My solution attempt.

<script>
const inputArr = [1, 2, 3, 4, 5];

const productOfArrayElements = (inputArr) => {
let value;
let tempArr = [];
let productArr = [];

for (let i = 0; i < inputArr.length; i++) {
tempArr = inputArr.slice(0); //Set temp array to input array's values.
tempArr.splice(i,1); //Remove the current element.
value = tempArr.reduce(getProduct); //Find the product of all other elements.
productArr.push(value); //Add product value to the product array.
}

return productArr;
}

const getProduct = (total, num) => {
}

console.log(productOfArrayElements(inputArr));

</script>

#6

For my solution:

First I wrote it out by hand (no loops) for an array of three integers, to get my head around the goal. In Big O, I think my solution is exponential?

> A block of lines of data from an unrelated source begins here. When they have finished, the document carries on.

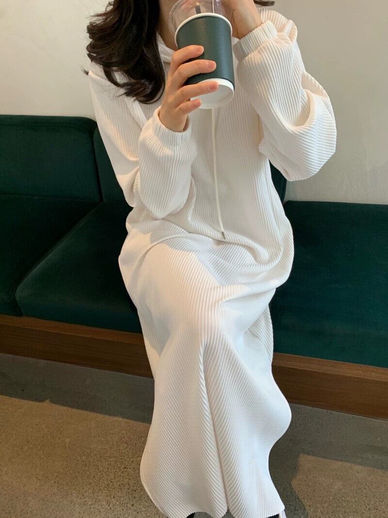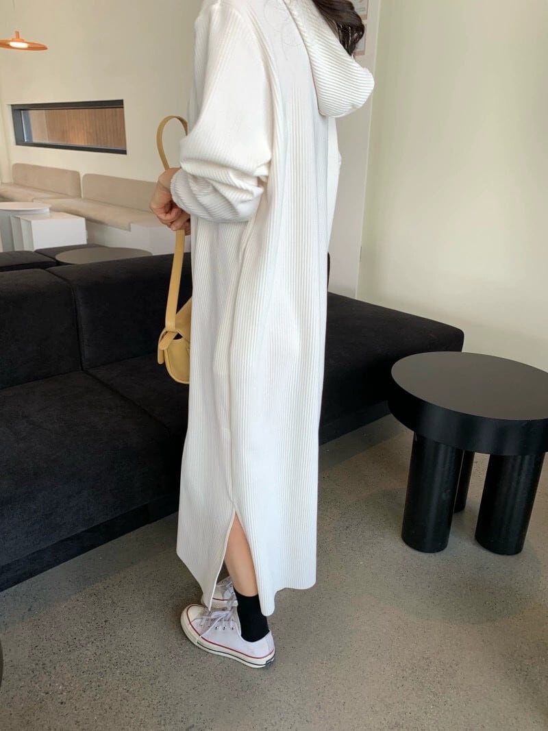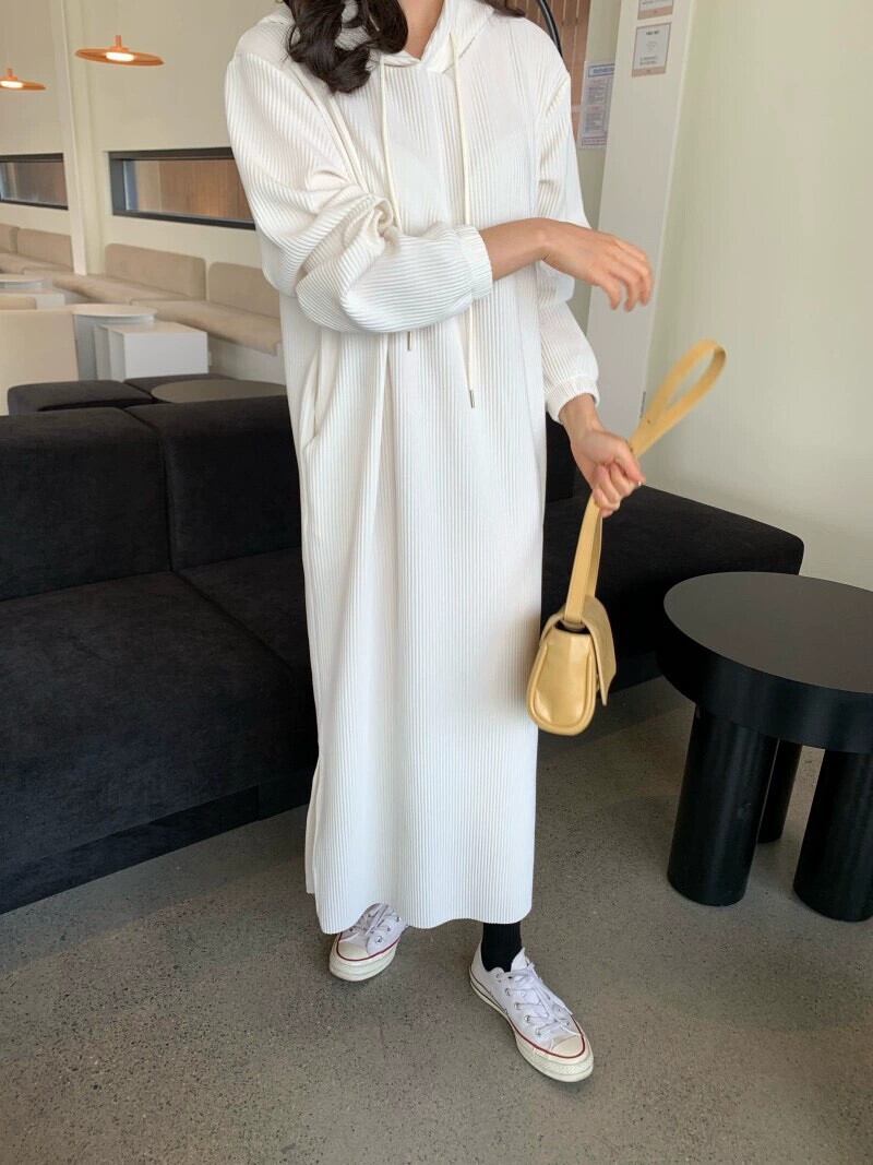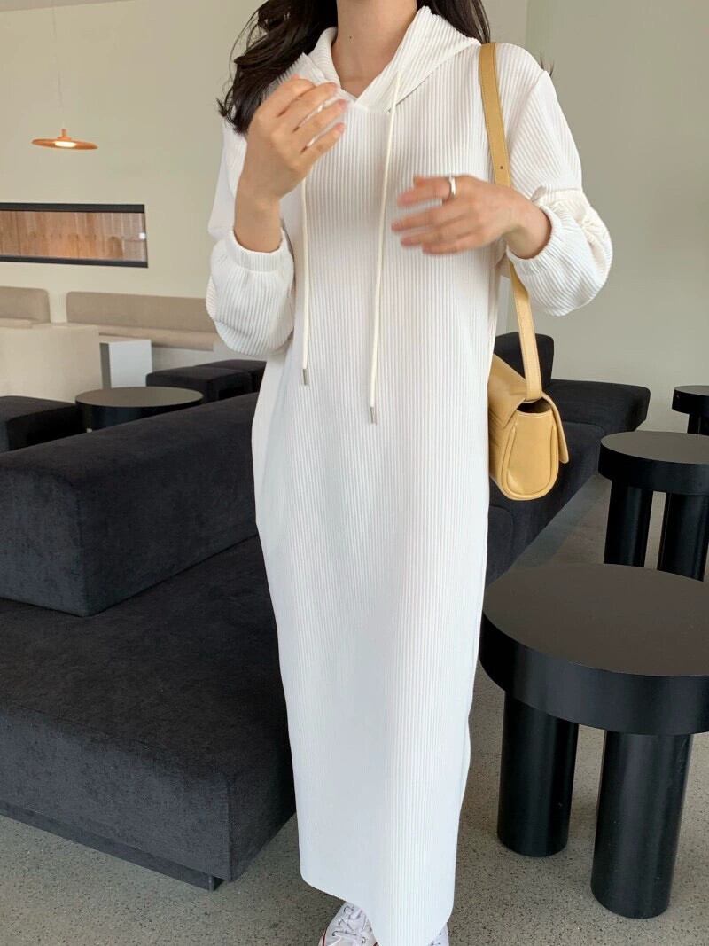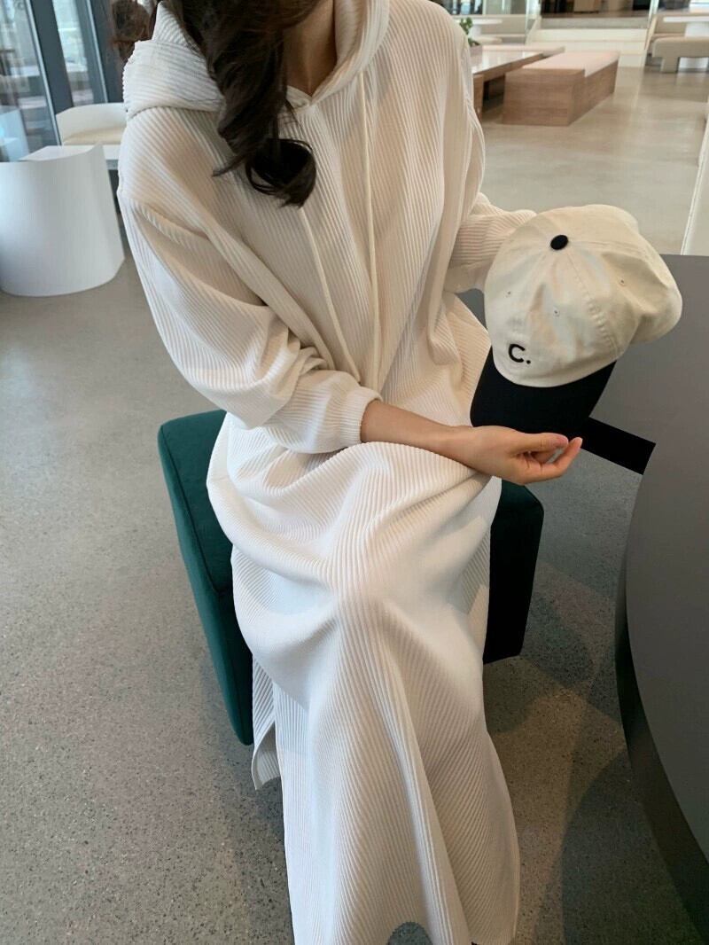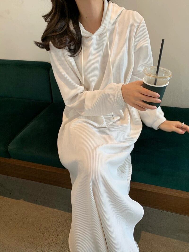 シックなスタイル巾着フード付きプルオーバールーズカジュアルロングサイドスリットドレス女性秋の新スタイル オータム 秋物 cat883591407103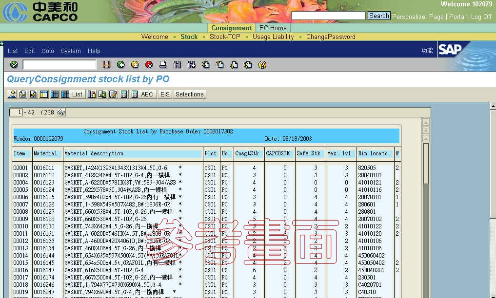 | 連結到後端 SAP ERP 系統,使用 SAP Portal SSO(Single Sign On) WEb Gui技術,可直接透過網際網路執行 ERP 相關交易,例如寄銷 Consignment 廠商,可從網際網路管理該公司放在中美和的寄銷商品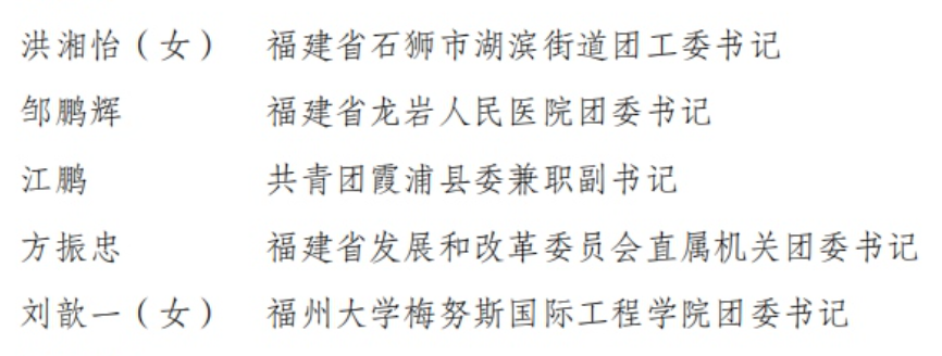經(jīng)基層團組織推薦、省級團委考察初審、共青團中央復審,提出690個團組織、451名團員、345名共青團干部的擬表彰對象名單?,F(xiàn)予以公示,公示時間為2025年12月24日至12月30日。公示期間,如對擬表彰對象持有異議,可通過電話、傳真、電子郵件、信函等形式反映情況,信函以到達日郵戳為準。反映情況要客觀真實,以個人名義反映情況的材料應提供實名及聯(lián)系方式,以單位名義反映情況的材料需加蓋單位公章。
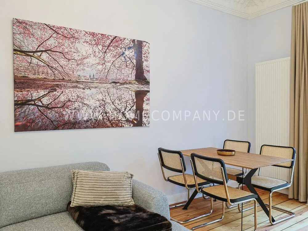 The flat, which was stylishly renovated in 2024, offers a spacious and flexible room design. The high ceilings of approx. 3 meters and magnificent stucco elements create a spacious and airy feeling of space. The new designer kitchen and the bright, modern bathroom invite you to feel good. Unmistakable details and comfort: The classic pitch pine wooden floorboards, paneled doors and stucco decorations emphasize the authentic old building charm. A balcony serves as an ideal place for relaxation and enjoyment. Urban lifestyle combined with historical elegance in a good residential area close to the Alster. This prestigious residential address offers not only unparalleled convenience, but also excellent recreational and leisure opportunities thanks to its close proximity to the Alster. A scenic walk along the water, past the fashion campus and the boathouse of the Hamburg Canoe Club, quickly leads you to the green Alster meadows. Here you can relax, have a barbecue, watch the sailors and enjoy the impressive city panorama.

function arrayOfProducts(array){
let allButIndex = [];
let result = [];
for(let i = 0; i < array.length; i++) {
// i need to get every element that is not the current one. push. push.
allButIndex = [];
for(let j = 0; j < array.length; j++) {
if (j != i) {
allButIndex.push(array[j]);
}
}
result[i] = allButIndex.reduce((a, b) => a * b);
}
return result;
}

#7

Possible Js solutions

// With divison
function productExceptMe(arr){
return arr.map((num) => arr.reduce((x,y) => x*y)/num);
}

// without divison
function prouctExceptMe(arr){
var newArr = [];
for(let i=0;i<arr.length;i++){
var n = arr.splice(i,1);
newArr.push(arr.reduce((x,y) => x*y));
arr.unshift(...n);
}
return newArr;
}

#8

Looks like more than an attempt to me. That splice move is really clever. Nice!

Also I notice your code separates getProduct–is this in order to follow good design practice, or just because it was easier to conceptualize as you wrote it?

I’ve heard that we should divide responsibilities between functions every time you say the word “and” when describing what it does. How do you (and anybody in this thread) feel about that in the context of coding challenges like this?

#9

@shodak It looks quadratic to me. Because we are running over the loop of n elements twice. So, n * n = n².

#10

Thanks, zitgost! I’m sure it could be more optimized, but this way I could do it in one loop so I was happy with that.

I’m generally not a big syntactic sugar developer. If I can write code out and separate functions I will because it is easier to conceptualize and read. Being an older programmer now I find it is much easier that way when I have to look at something I wrote a few months ago…or a week.

#11

function products(arr) {
const product = arr.reduce((a, c) => a * c);
return arr.map((e) => product / e);
}

Without division:

function products(arr) {
const product = arr.reduce((a, c) => a * c);
return arr.map((e) => {
let count = 0;
for (let i = product; i > 0; i-=e) {
count++;
}
return count;
})
}